I tried the above tasks with different experiments and mostly its hit or miss.
These tasks are anyway same as any language model, for example if you ask Google for criroptuon , it says did you mean corruption.
Comment: No model got the word reversal. Even with few shot. That's a big problem. Most kids can easily figure it out to reverse and get the word. Though I agree it might be a problem with the encoding. Only a character level model might get these right. I would not use this in a production system for these use cases. Go with regular statistical or character level models for these.
3. SAT Analogies:
GPT-3 performs well on this as per the paper. I would still like to see the training data to understand how many of the test analogies were already there in the training data.
4. News Article Generation:
Without a doubt, this is where GPT-3 shines. I would use GPT-3 for this use case in production.
5. Learning and Using Novel Words:
GPT-3 is pretty good at this. Though it mostly works for single novel words. When you try to teach it multiple words at the same time it gets confused as shown below.
Comment: Maybe different types of priming might help. But I couldn’t get this to work in a predictable mode.
6. Correcting English Grammar and spelling mistakes:
GPT-3 works perfectly for this scenario.
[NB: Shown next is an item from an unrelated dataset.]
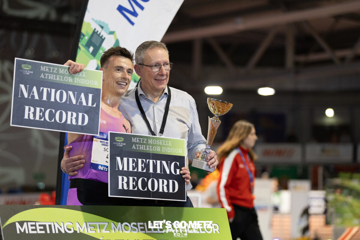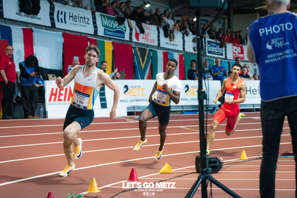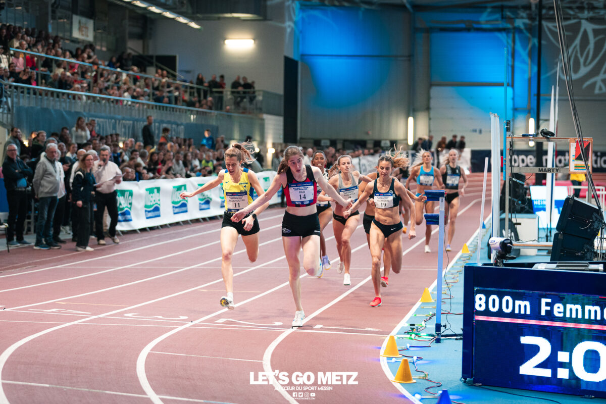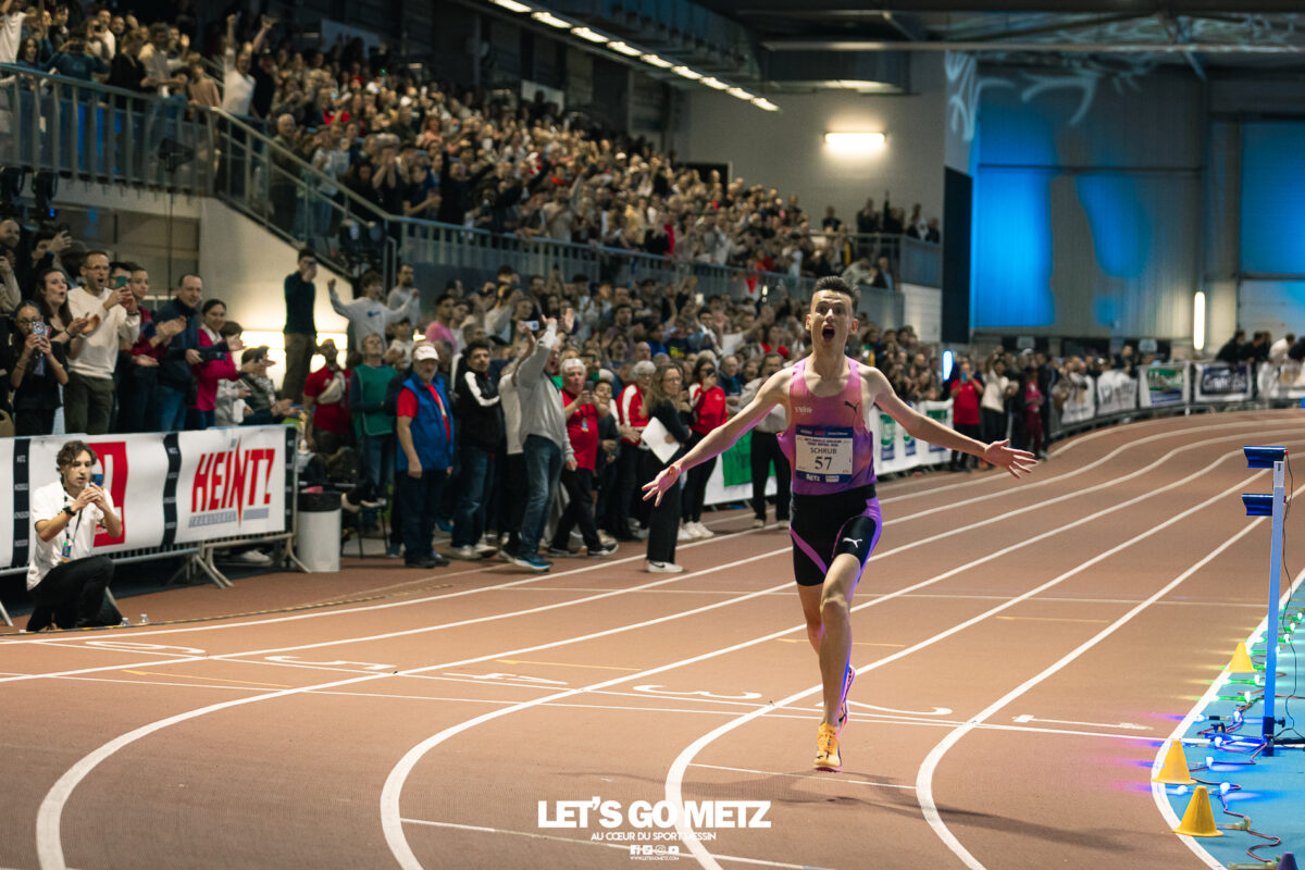107 Record de France pour Yann Schrub « Merci à Dominique Abisse d’avoir organisé cette course pour moi », déclarait Yann Schrub à l’issue de la course de 3000m. Le Mosellan a en effet eu le luxe de choisir ses lièvres, qui l’ont placé dans les cordes d’un chrono exceptionnel pour la première partie de la course. Le reste, Yann Schrub s’en est occupé lui-même, avec un finish extraordinaire. Résultat : record de France et record du meeting (7:29:38). Les larmes aux yeux, Yann Schrub célébrait avec son public, « un des meilleurs moments de sa carrière ». Les stars font le show Le champion du monde du saut en longueur Mattia Furlani ne s’est pas baladé à Metz. L’Italien s’est retrouvé à égalité avec Bozhidar Saraboyoukov, en fixant le record mondial de l’année à 8m39. Un des moments forts de la journée. Mais c’est bien Mattia Furlani qui remporte finalement le concours, grâce à un meilleur deuxième saut. Le record du meeting reste inchangé à 8m40. Dans le concours de saut à la perche féminin, Tina Sutej était en démonstration. A 37 ans, la Slovène continue de briller sur la scène internationale. Ce dimanche, elle a égalé son record personnel avec une barre à 4m80. Femke Bol, la grande spécialiste du 400m, a couru le premier 800m de sa carrière. Sans surprise, elle remporte la course (1:59:07), tout en semblant bien loin de son meilleur niveau. La néerlandaise récolte ainsi une nouvelle victoire à l’Athlelor. La journée a été plus compliquée pour la messine Auriana Lazraq Khlass. L’heptathlonienne a fini dernière en 200m (niveau C) ainsi que du 60m haies où elle a participé à la finale B après avoir été disqualifiée en série A. Résultats du plateau international 400 m (h) : Attila Molnar (Bul) ; 45:57 Saut en longueur (h) : Mattia Furlani (Ita) ; 8m39 Saut à la perche (f) : Tina Sutej (Slo) ; 4m80 3 000 m (f) : Birtukan Molla (Eth) ; 8:40:49 400 m (f) : Henriette Jaeger (Nor) ; 50:62 1 500 m (h) : Samuel Chapple (Nl) ; 3:35:83 60m (f) : Patrizia Van Der Weken ; 7:08 60 m haies (f) : Pia Skrzyszowska (Pol) ; 7:82 3 000 m (h) : Yann Schrub (Fra) ; 7:29:38 800 m (h) : Mohamed Ali Gouaned ; 1:44:67 800 m (f) : Femke Bol (Nl) ; 1:59:07 200 m (f) : Jael Bestue (Esp) ; 22:69 Crédit photo : Julien Buret / Let’s Go Metz

We can easily use this in production.
In this article I wanted to look at where GPT-3 can be used for production and where it fails. I mainly discussed the points in the paper from a real world scenario. In addition to the tasks mentioned in the paper, I have done numerous other experiments to see where we can use GPT-3 in production. I will write in detail about those in the next blog. But for now, the following are some of my observations:
GPT-3 is not good for creating summaries.
GPT-3 cannot be used reliably do detect curse words in text.
GPT-3 works great for slot filling.
Using a GPT-3 as a chatbot backend is possible but tough. Especially for long conversations.